Activity
Copy every entry exactly as it stands, though any image it holds should stay out of the copy.

──────── Task inputs

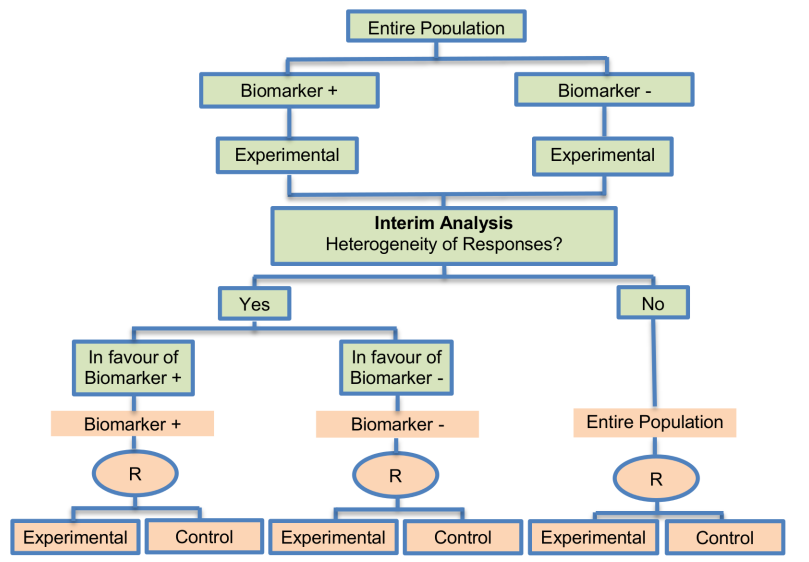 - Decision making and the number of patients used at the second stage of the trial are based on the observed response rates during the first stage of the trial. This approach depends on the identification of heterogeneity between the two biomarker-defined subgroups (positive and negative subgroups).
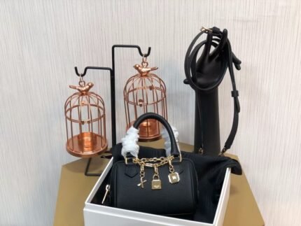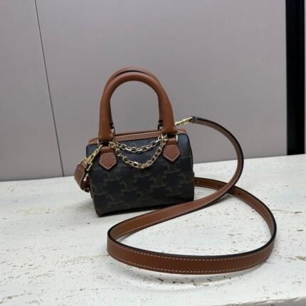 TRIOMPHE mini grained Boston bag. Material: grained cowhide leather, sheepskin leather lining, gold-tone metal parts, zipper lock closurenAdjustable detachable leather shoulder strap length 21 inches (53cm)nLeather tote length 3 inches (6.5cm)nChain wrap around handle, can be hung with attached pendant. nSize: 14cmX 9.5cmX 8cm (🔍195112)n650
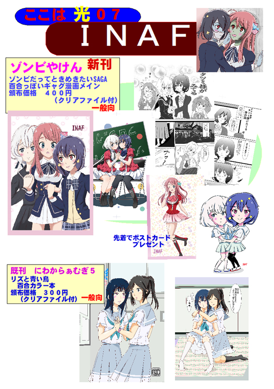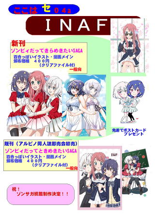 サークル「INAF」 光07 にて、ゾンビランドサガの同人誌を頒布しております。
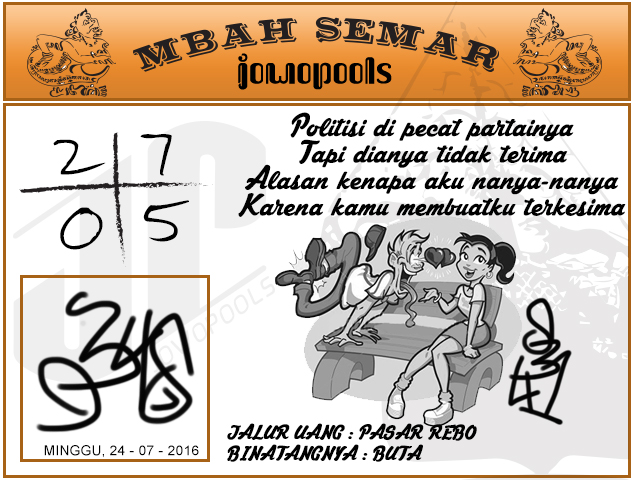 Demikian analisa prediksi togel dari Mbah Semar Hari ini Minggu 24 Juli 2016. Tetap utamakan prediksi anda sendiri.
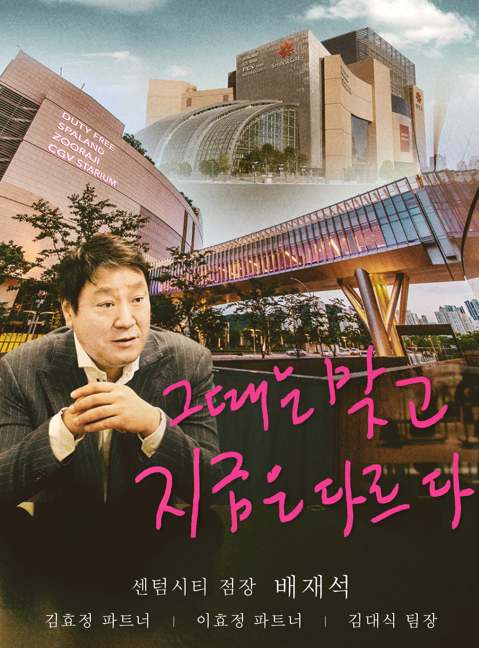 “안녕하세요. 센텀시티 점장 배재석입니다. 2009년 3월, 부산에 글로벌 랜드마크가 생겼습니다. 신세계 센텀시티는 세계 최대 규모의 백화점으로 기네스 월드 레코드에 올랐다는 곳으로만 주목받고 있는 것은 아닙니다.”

────────────────

Expected answer
 - Decision making and the number of patients used at the second stage of the trial are based on the observed response rates during the first stage of the trial. This approach depends on the identification of heterogeneity between the two biomarker-defined subgroups (positive and negative subgroups).
 TRIOMPHE mini grained Boston bag. Material: grained cowhide leather, sheepskin leather lining, gold-tone metal parts, zipper lock closurenAdjustable detachable leather shoulder strap length 21 inches (53cm)nLeather tote length 3 inches (6.5cm)nChain wrap around handle, can be hung with attached pendant. nSize: 14cmX 9.5cmX 8cm (🔍195112)n650
 サークル「INAF」 光07 にて、ゾンビランドサガの同人誌を頒布しております。
 Demikian analisa prediksi togel dari Mbah Semar Hari ini Minggu 24 Juli 2016. Tetap utamakan prediksi anda sendiri.
 “안녕하세요. 센텀시티 점장 배재석입니다. 2009년 3월, 부산에 글로벌 랜드마크가 생겼습니다. 신세계 센텀시티는 세계 최대 규모의 백화점으로 기네스 월드 레코드에 올랐다는 곳으로만 주목받고 있는 것은 아닙니다.”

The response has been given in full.